In today's tough business environment, many chemical plants view upgrading their process control systems as an important step toward improved competitiveness. After all, a control system can hugely impact performance over the entire lifecycle of a facility. Still, of course, the replacement system must offer a superior business-value proposition.
A well-planned and executed migration to a modern control system not only improves plant availability and reliability but also can provide a more flexible production platform. Many companies now are looking for increased flexibility so they can make the most of business opportunities.
A structured, organized approach to automation upgrades enhances the benefits of new technology, reduces risks and preserves valuable intellectual property.
So, here, we'll provide tips for optimizing migrations. The goal is to help plants accelerate the migration process, minimize potential complications and ensure successful project results. These insights have been gained from experience with migrations at plants of all types and sizes, and with a wide range of operational and business requirements.
Every distributed control system (DCS) at some point requires upgrading to maintain reliable operation and leverage the latest technology. The existing DCS may pose significant maintenance issues, which can be aggravated by problems in obtaining spare parts. It also can be difficult to find personnel qualified to troubleshoot and repair an older system. As plant workers familiar with the current DCS reach retirement age, outside support often becomes necessary.
Excessive failure rates, difficultly in procuring spare parts and lack of qualified maintenance personnel all add up to an increased risk of downtime —a significant expense for any manufacturing facility, but particularly for a process plant.
[Podcasts Worth Listening To: Leadership Focus Podcast: Control System Migration and Podcast: Book Review -- Control System Migrations Handbook]
In addition, process control with an outdated DCS may result in inadequate quality and excessive energy usage. Deviations from set points, particularly for extended periods of time, can directly impair quality. Control performance also can affect throughput. Newer automation platforms allow automating more processes and can enable tighter control of existing ones.
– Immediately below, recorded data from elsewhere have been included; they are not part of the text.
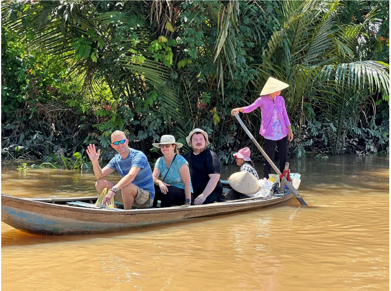
Cruising on Tien (Mekong)
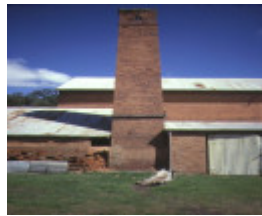
day's flour mill complex murchison chimney nov1984
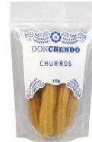
Don Chendo Churros 10/175g CODE: DON127
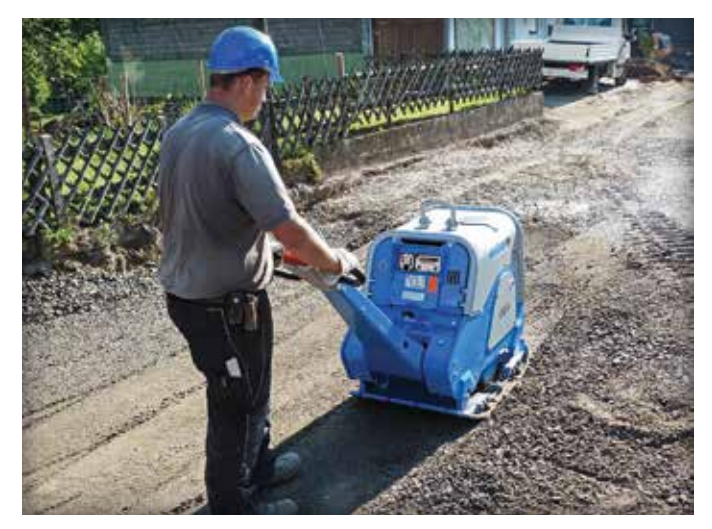
Figure 4. Base compaction with a reversible plate compactor.
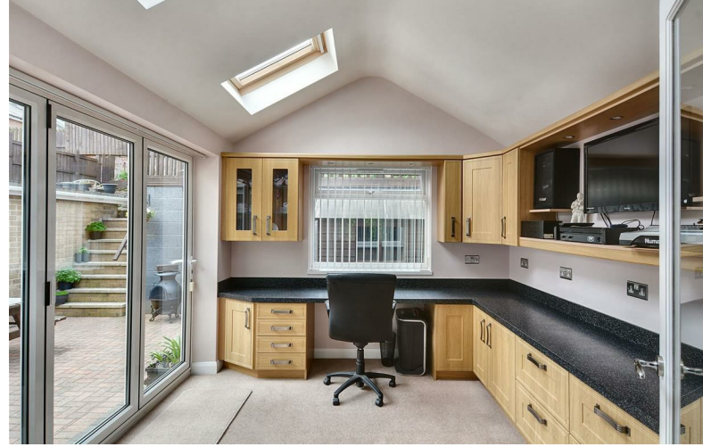
Starch Lane Sandiacre, Nottingham NG10 5EB
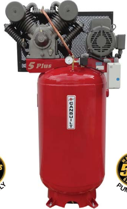
Model # C-HP580V
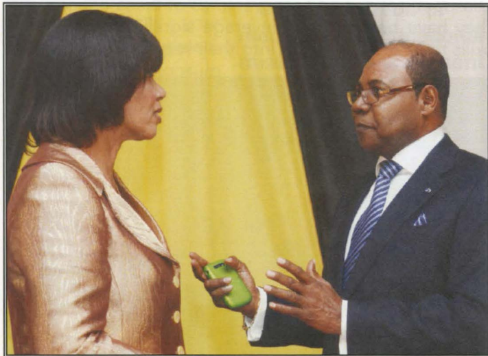
Prime Minister Simpson Miller in discussion with former Tourism Minister and Member of Parliament for East Central St. James, Edmund Bartlett.

This Diaspora Database will, among other things, allow us to present to the world, a smarter, stronger and more diverse workforce to attract investments to Jamaica, to access and distribute our exports into global markets, and to deepen the linkages and benefits to the domestic economy.
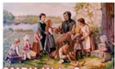
SMDY Kids Corner

Our new Online Children's Liturgy program is designed for all children and teaches the Liturgy of the Word in terms children can understand. During this time of COVID restrictions it has been hard for us to continue with the program and so we will be offering an online option to communicate with the parish's children. We have produced instructive videos for the children to view to help them on their Christian journey and can be accessed by clicking on the SMDY Kids Corner image on our website.
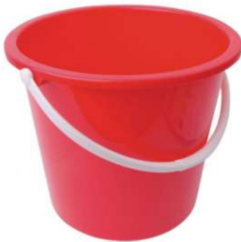
PLASTIC RED BUCKET 10LTR
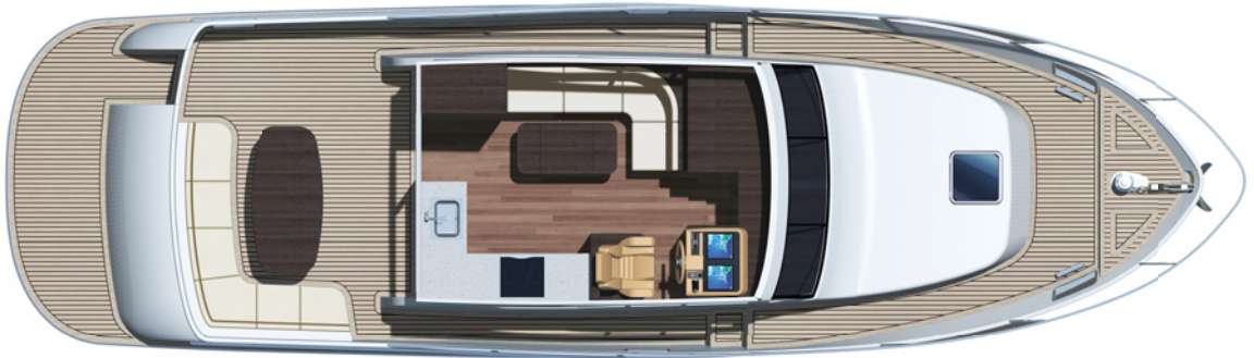
Standard floor plan
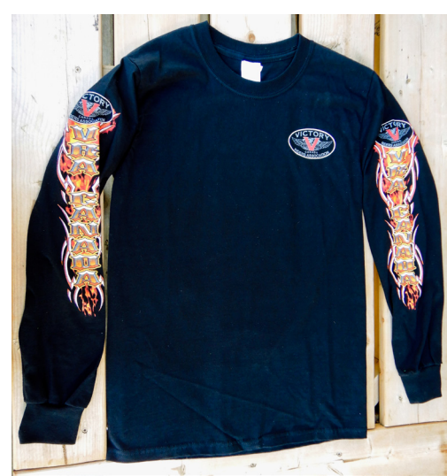
Two size Small black Victory Riders Association vintage long-sleevers left. VRA oval logo on front. VRA Canada artwork on back and sleeves. $10
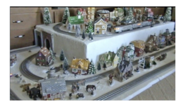
Is now this:
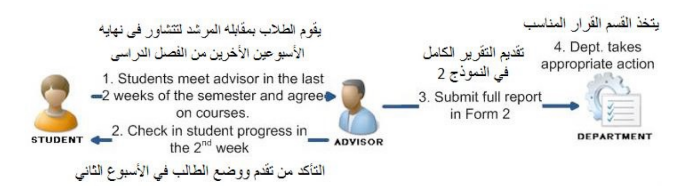
Figure 2: Progress Reporting Process
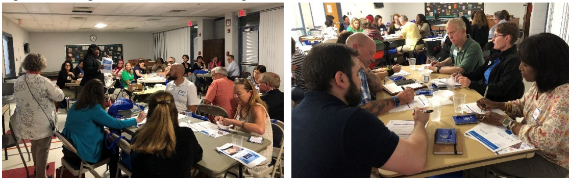
Figure 12: Arlington Census Partner Training
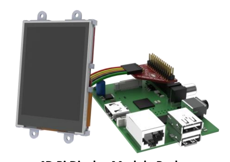
4D Pi Display Module Pack (4D Pi Serial Adaptor is one part of this pack)

NOTE (*): Raspberry Pi remains the property of the Raspberry Pi Foundation. All references to the words 'Raspberry Pi' are Trademarks of the Raspberry Pi Foundation, and all references to 4D Systems modules/adaptors with the Raspberry Pi are based on compatibility with the Raspberry Pi Hardware, and do not indicate ownership of or to the Raspberry Pi in any way.
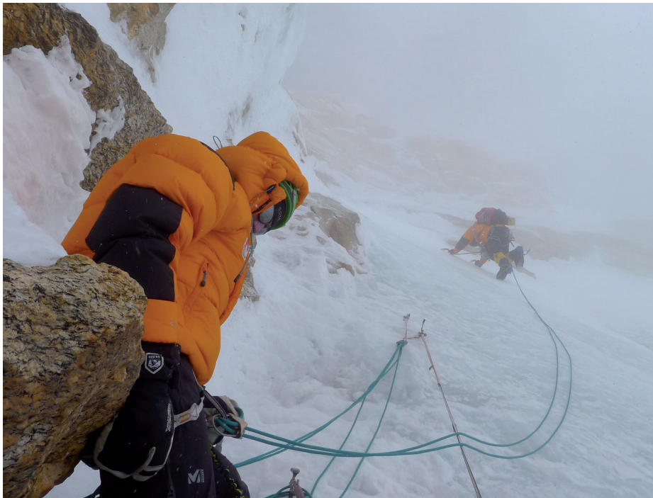
Late afternoon day 3, tackling a gully between rock bands. (GMHM Collection)
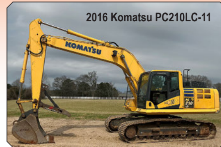
2016 Komatsu PC210LC-11
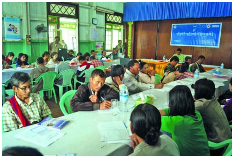
Members of Township Community-based Support Group at the workshop together with Township Committee for the Rights of the Child.

THATON, 25 Jan—Thaton Township Committee for the Rights of the Child and Community-based Support Group held the workshop at the hall of Township Administrator in Thaton Township of Mon State on 22 January.
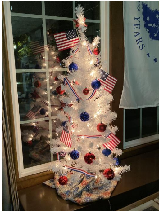
Ross' Run Chapter DAR

The Ripley County Historical Society and Ross' Run Chapter DAR entered their trees in the 1 st Annual Versailles Main Street Christmas Tree Decorating contest. The square was lit up with twenty decorated trees by area businesses and organizations.
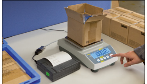
Plus/minus weighing procedures For example for checking piece weight, production control, for manufacturing packages of equal weight, etc. The deviation of the test items from a defined target weight will be displayed using the respective "+" and "-" symbols.
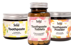
SOLID TOOTHPASTE, POWDER & TABLETS
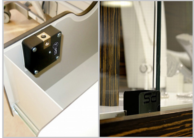
Low-profile locks fit in fixtures with minimal footprint
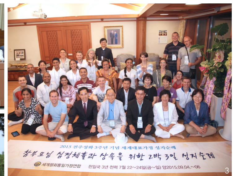
1. Group photo taken after the opening ceremony in Busan Family Church 2. The 1st holy ground pilgrimage team taking a commemorative photo at No 1 holy ground - Beom Net Gol - in Busan 3. The 2nd holy ground pilgrimage team taking a commemorative photo at the Blue Sea Training Center
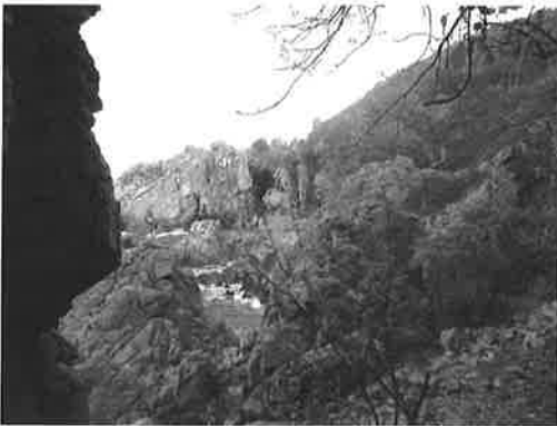
Fig. 4. The view to the east from Fredrik VII's cave to the Josefinelust cave.

It is taken for granted that the caves were used during the Stone Age. However, archaeological excavations in four of them yielded only very few finds from the Stone Age, but more finds from the Iron Age and modern times. The Lahebia cave is situated on the southern side of the outermost point, near today's water level. The cave is rather deep inside a cliff. The opening faces the west. In the summer the sun shines into the cave just a few hours in the late afternoon. A small amount of flint waste and medieval pottery, iron nails and animal bones were found in the Lahebia cave. The cave was mainly used during the Late Iron Age and post-medieval time. In Fredrik VII's cave stone artefacts and animal bones suggest that people could have visited the cave during the Late Mesolithic. Both Fredrik VII's cave and the Mindre Josefinelust cave are exposed towards the inner part of Skälderviken, and turned to small bays surrounded by rocky mountains (fig. 4). In a few hours in the morning the sun reaches the caves. Later in the day they are placed in the shadow of the mountain. The artefacts in the
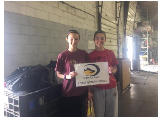
Sussex Hamilton students with their shoe delivery.

Sussex Hamilton High School in WI - Thank you, Sussex Hamilton High School, for all of the shoes that you donated for Africa! And thank you for delivering them to our warehouse, girls.
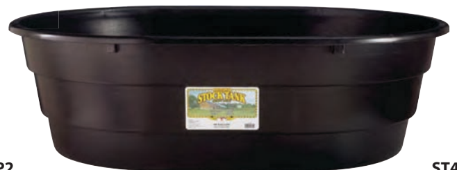
ST40 40 Gal Stock Tank
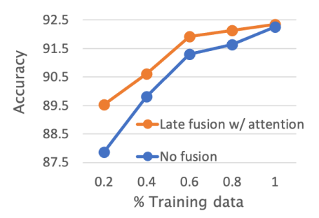
Figure 3: Accuracy vs. Training data size on i2b2 Med. We randomly sample 20\%, 40\%, \cdots, 100\% of training data and report micro- F_1 score averaged over 3 random seeds.

Low-resource setting We evaluate late fusion by reducing training data size from 100% to 20%. Fig. 3 shows late fusion gains more when less training
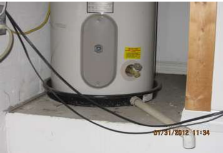
Kenmore Water Heater Bottom Pan & Drain
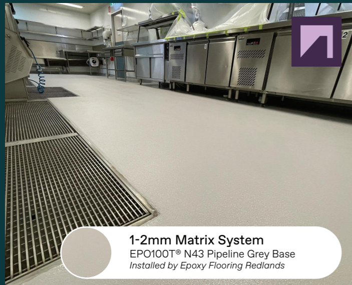
1-2mm Matrix System EPO100T® N43 Pipeline Grey Base Installed by Epoxy Flooring Redlands
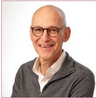
Ezekiel J. Emanuel, MD, PhD

Vice Provost for Global Initiatives Co-Director, Healthcare Transformation Institute, Levy University Professor Perelman School of Medicine and The Wharton School, University of Pennsylvania
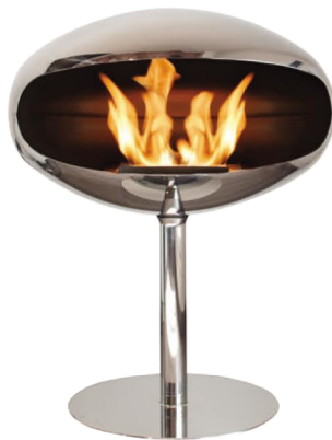
CFPSS with 316 Stainless Steel Stand
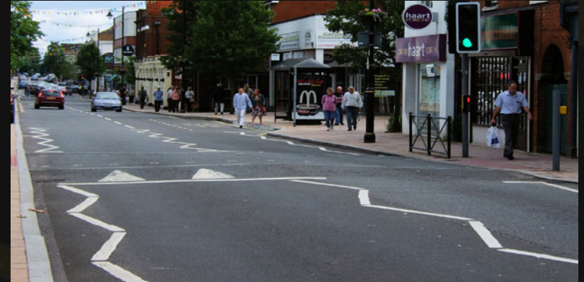
Fleet High Street

Today, many control system migrations are performed "on-process," using technology that replaces the existing human-machine interfaces (HMIs) and provides modern functions while retaining the original system's controllers, input/output and field devices. With this approach, all or part of the old DCS and the new automation system operate simultaneously, allowing elements as small as one control loop at a time to be migrated from the old DCS to the new automation system. If the user has a redundant control architecture, on-process migration permits an upgrade to the next system release while maintaining view and control of processes.
The first step in preparing for a control system migration is developing a comprehensive project plan. This involves working with all stakeholders —including operations, engineering and plant management — to align on scope, risk assessment and the overall project roadmap. Project participants should evaluate and prioritize what's important from their individual perspectives. This helps to create ownership and a shared vision throughout the organization.
Among key factors to consider at the project planning stage are:
• establishing specific goals for your upgrade;
• developing an organized approach to planning;
• determining how you will build your new system;
• communicating with operations, management and outside support personnel;
• remembering that a migration primarily consists of sequential operations (skipping a step could result in putting yourself in a precarious position); and
• retaining focus on your plan.
In the early stages of a control system migration, the project team should identify the primary objectives for technology upgrades. These may include:
• increased control system reliability;
• reduced risk;
• enhanced alarming functionality;
• improved utilization of historical data;
• expanded access to DCS information from third-party systems;
• heightened overall intercommunications; and
• strengthened security capabilities (often overlooked).
An effective plan identifies migration and support strategies for existing control system nodes, such as controllers, HMIs, supervisory computing nodes, etc. It also includes proposals for consolidating legacy control systems to reduce costs and enhance safety. Additionally, the plan provides recommendations for ensuring the reliability, robustness, security, expandability and ease of diagnosis of process control networks.
In many cases, the success of a migration hinges on initial preparation involving the control system supplier and its migration specialists. The supplier's expertise, combined with extensive data gathering and analysis in the early stages of the project, help reduce the effort and risk involved in migration. Close collaboration with the supplier also can minimize interruptions to process operators, and eliminate loss of control and view of the process (Figure 1).